- Opening Delimiter -

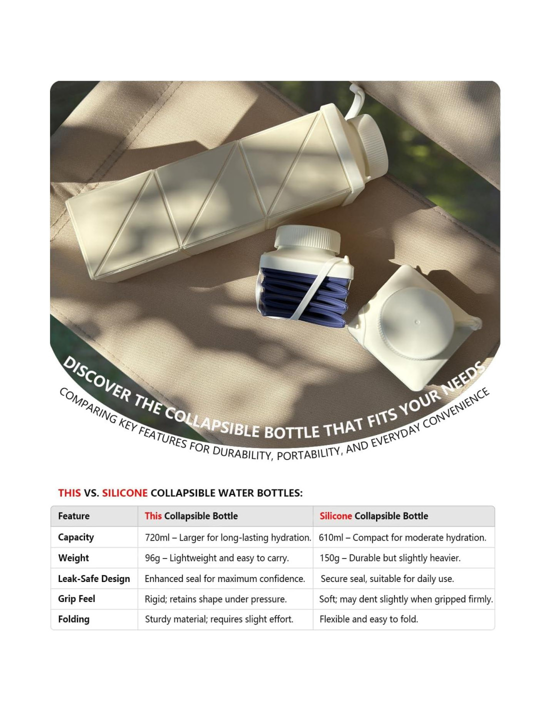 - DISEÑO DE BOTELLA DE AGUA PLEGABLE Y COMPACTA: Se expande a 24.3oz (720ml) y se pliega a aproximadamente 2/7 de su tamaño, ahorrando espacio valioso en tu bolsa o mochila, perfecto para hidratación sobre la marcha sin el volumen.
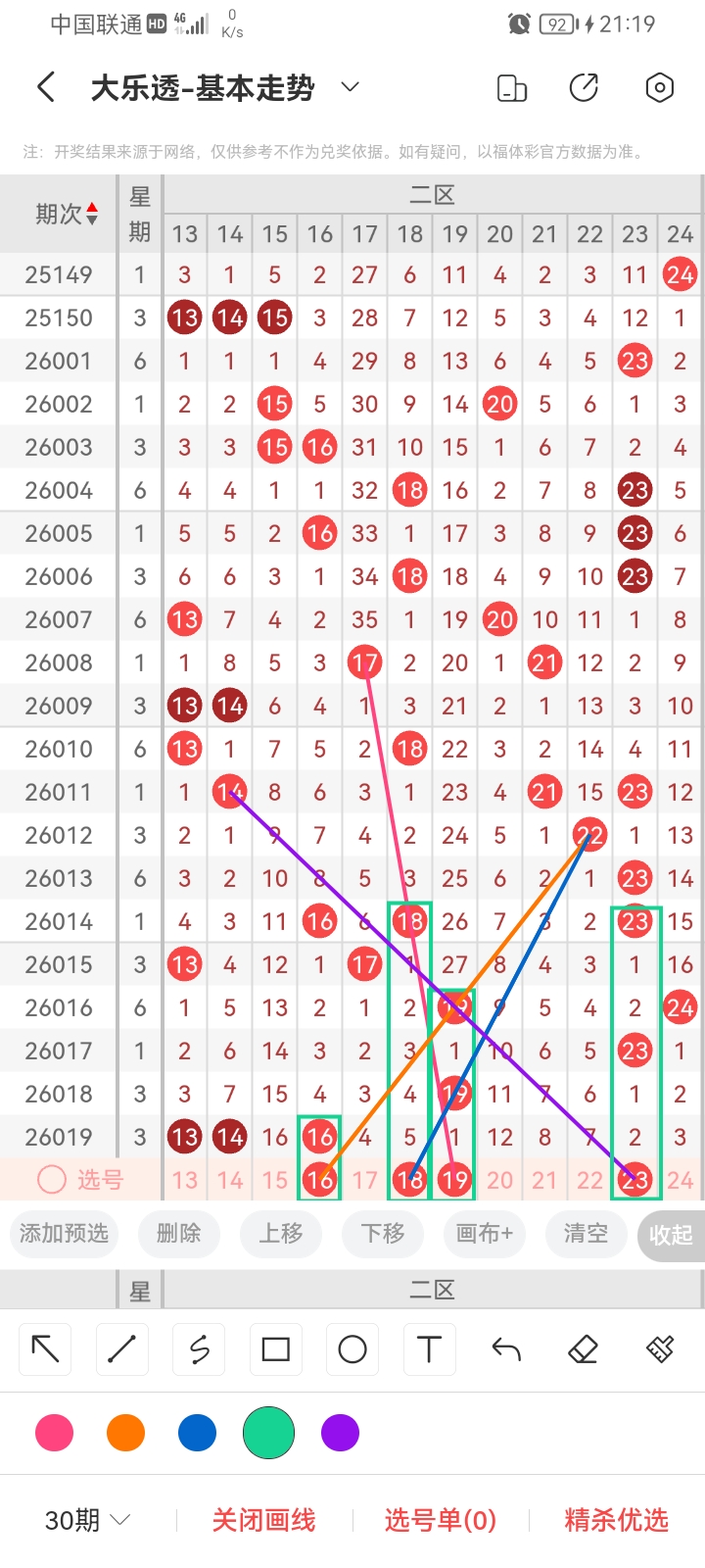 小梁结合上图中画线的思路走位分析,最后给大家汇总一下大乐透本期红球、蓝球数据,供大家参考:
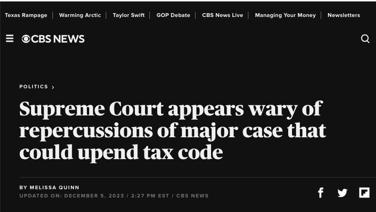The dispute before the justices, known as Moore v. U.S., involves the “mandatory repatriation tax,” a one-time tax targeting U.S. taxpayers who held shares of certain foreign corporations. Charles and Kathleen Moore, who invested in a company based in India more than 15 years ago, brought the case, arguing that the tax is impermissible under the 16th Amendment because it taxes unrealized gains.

- Closing Delimiter -
- Opening Delimiter -

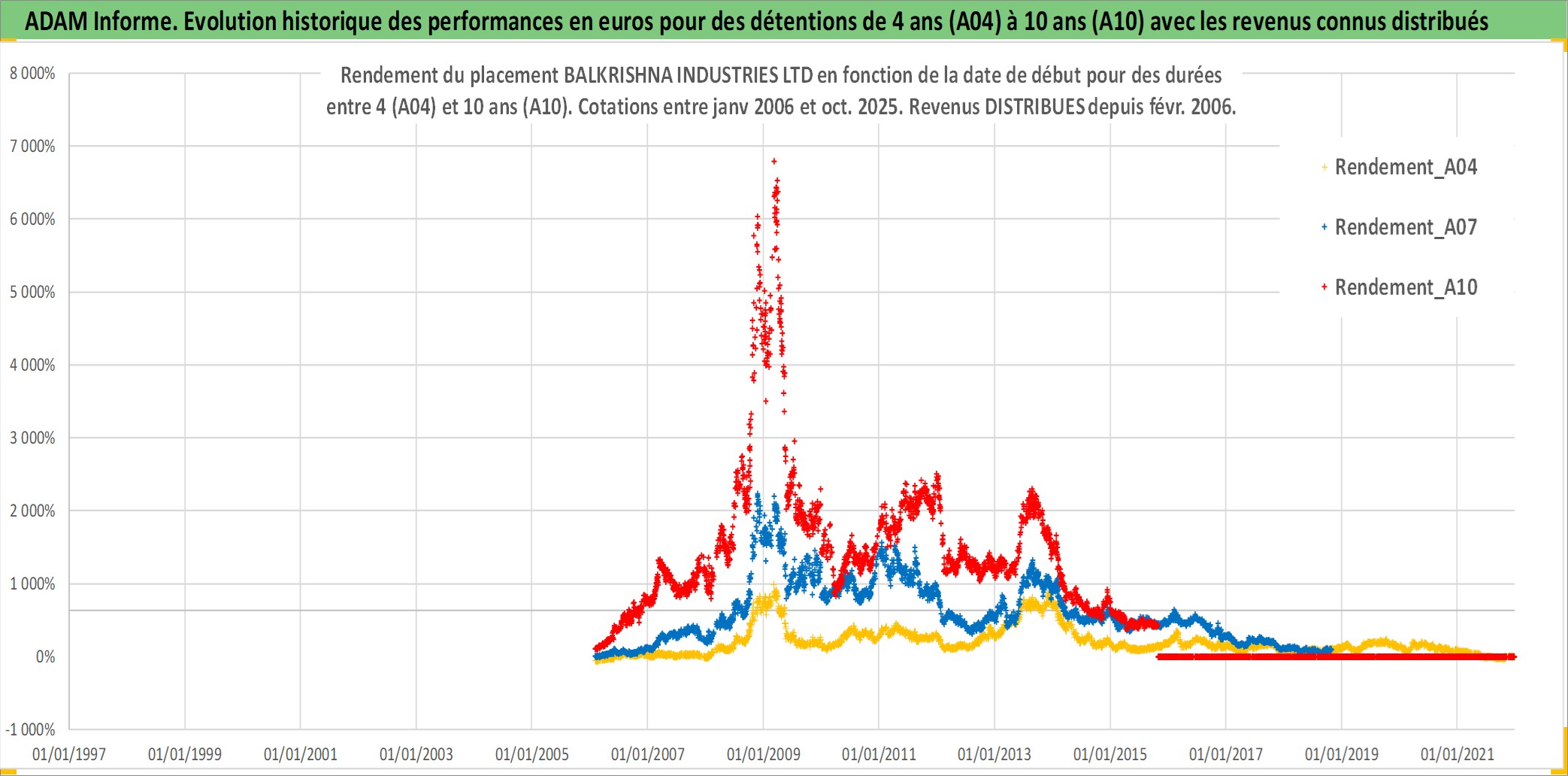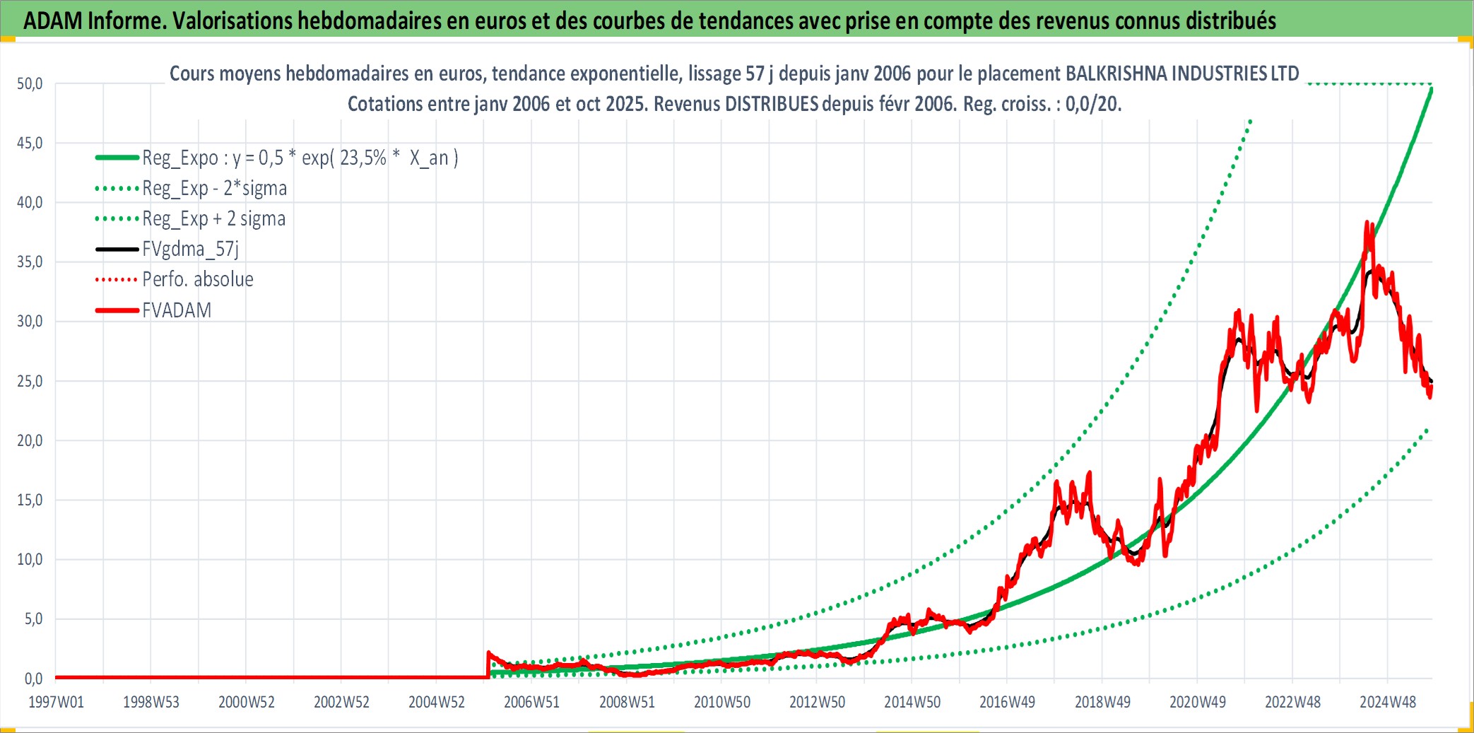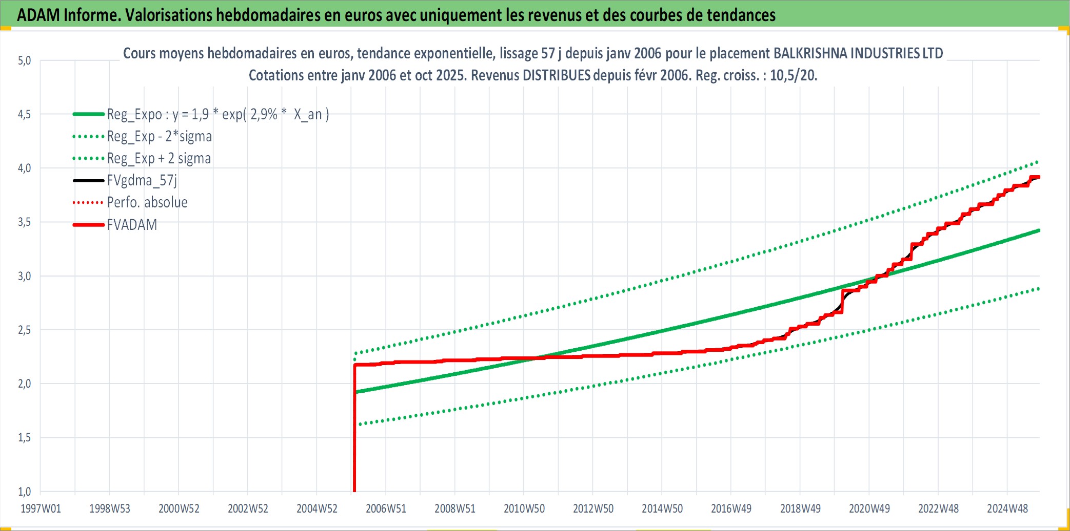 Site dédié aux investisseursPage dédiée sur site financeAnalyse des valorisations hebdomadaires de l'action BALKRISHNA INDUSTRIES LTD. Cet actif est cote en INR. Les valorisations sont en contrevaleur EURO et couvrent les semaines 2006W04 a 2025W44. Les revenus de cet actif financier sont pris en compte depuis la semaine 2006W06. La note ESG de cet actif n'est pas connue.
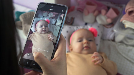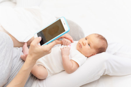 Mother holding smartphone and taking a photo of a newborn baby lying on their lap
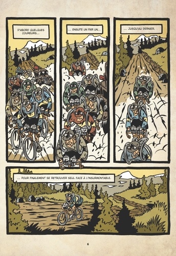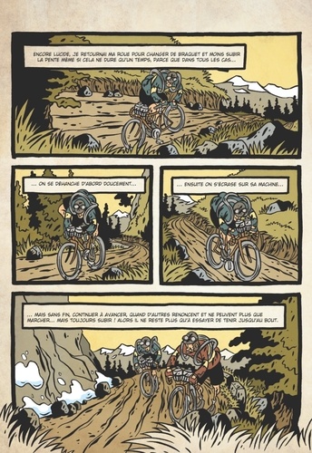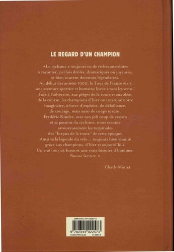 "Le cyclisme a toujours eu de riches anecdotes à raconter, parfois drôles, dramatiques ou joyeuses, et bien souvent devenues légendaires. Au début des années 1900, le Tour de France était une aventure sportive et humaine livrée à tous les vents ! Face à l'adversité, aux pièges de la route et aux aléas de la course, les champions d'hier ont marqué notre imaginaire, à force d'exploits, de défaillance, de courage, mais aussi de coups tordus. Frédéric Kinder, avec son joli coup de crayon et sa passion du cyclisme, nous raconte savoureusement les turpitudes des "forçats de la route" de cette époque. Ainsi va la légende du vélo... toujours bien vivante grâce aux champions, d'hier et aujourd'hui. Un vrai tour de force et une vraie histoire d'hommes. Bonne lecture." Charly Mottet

- Closing Delimiter -

» **WHAT YOU SHOULD DO**:
Set the pictures aside and reproduce exactly the lines above, from the line holding "- DISEÑO DE" through the line holding "The dispute before", both included, with nothing else.

» **SOLUTION TO THE PROBLEM**:
 - DISEÑO DE BOTELLA DE AGUA PLEGABLE Y COMPACTA: Se expande a 24.3oz (720ml) y se pliega a aproximadamente 2/7 de su tamaño, ahorrando espacio valioso en tu bolsa o mochila, perfecto para hidratación sobre la marcha sin el volumen.
 小梁结合上图中画线的思路走位分析,最后给大家汇总一下大乐透本期红球、蓝球数据,供大家参考:
The dispute before the justices, known as Moore v. U.S., involves the “mandatory repatriation tax,” a one-time tax targeting U.S. taxpayers who held shares of certain foreign corporations. Charles and Kathleen Moore, who invested in a company based in India more than 15 years ago, brought the case, arguing that the tax is impermissible under the 16th Amendment because it taxes unrealized gains.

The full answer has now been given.